▸ **Work instructions**:
Below are entries; output exactly the lines from the one with "- 75세 이상(1950년 12월 31일 이전 출생): 10월 15일 시작" to the one with "VIN: KMHDH4AE7DU684941", both included, and nothing else.

▸ **Entries provided**:
==========

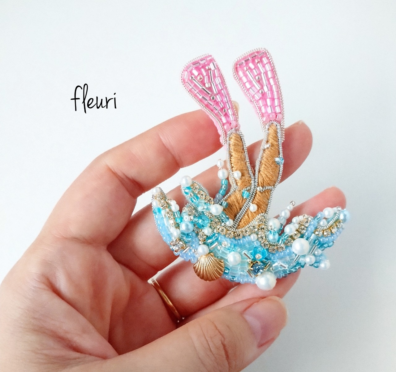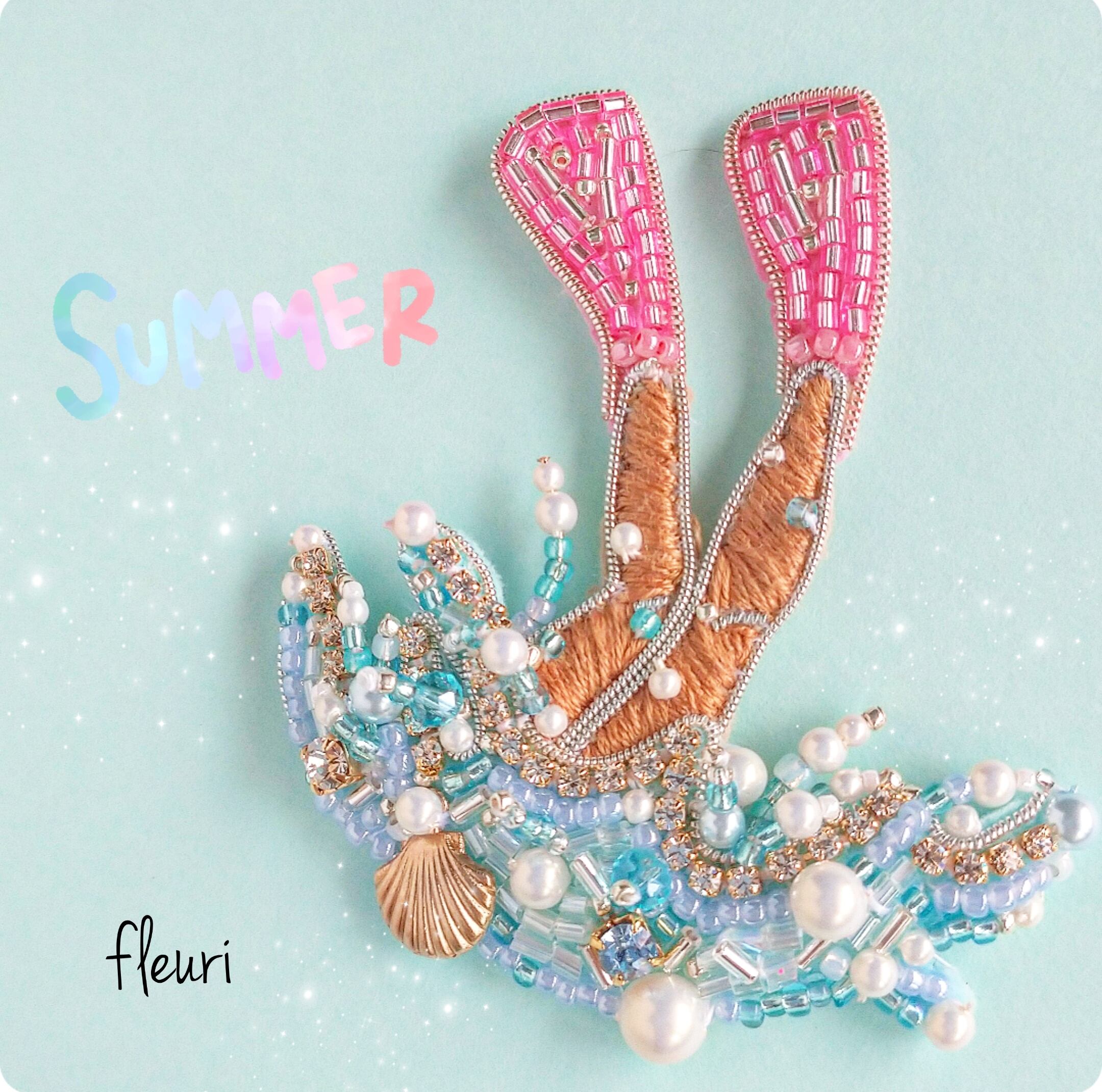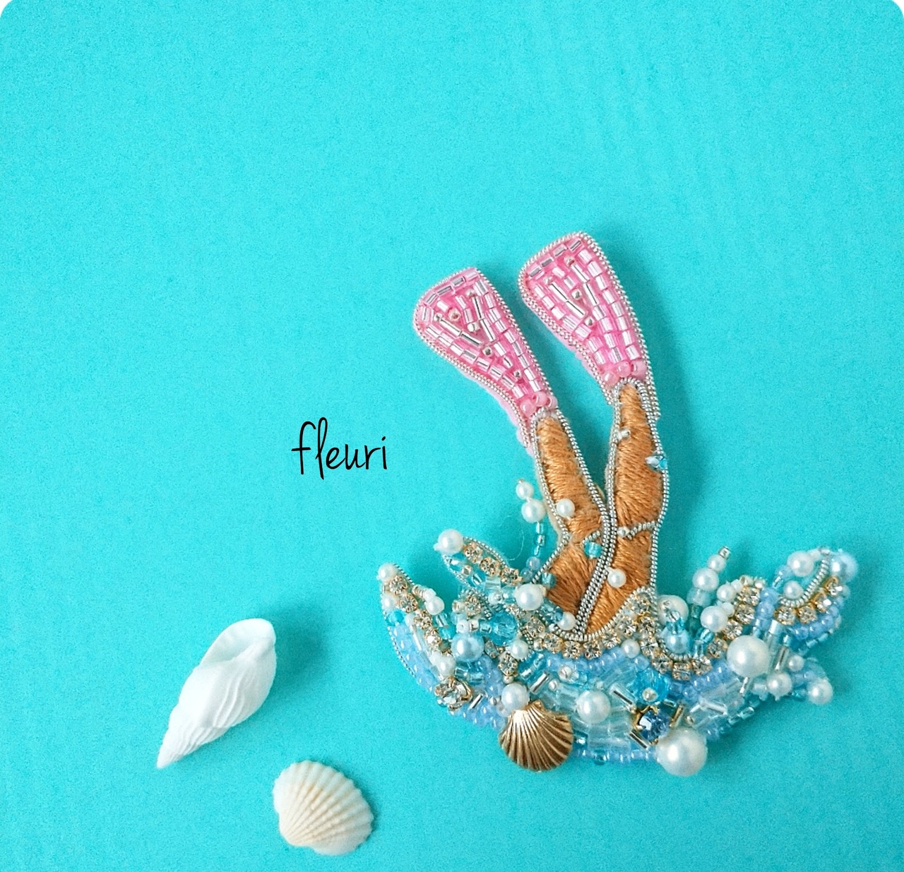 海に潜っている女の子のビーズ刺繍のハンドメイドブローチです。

==========

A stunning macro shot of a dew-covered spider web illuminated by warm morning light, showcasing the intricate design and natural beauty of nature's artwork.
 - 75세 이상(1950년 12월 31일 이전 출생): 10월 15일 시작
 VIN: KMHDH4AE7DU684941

==========

▸ **Answer to this exercise**:
 - 75세 이상(1950년 12월 31일 이전 출생): 10월 15일 시작
 VIN: KMHDH4AE7DU684941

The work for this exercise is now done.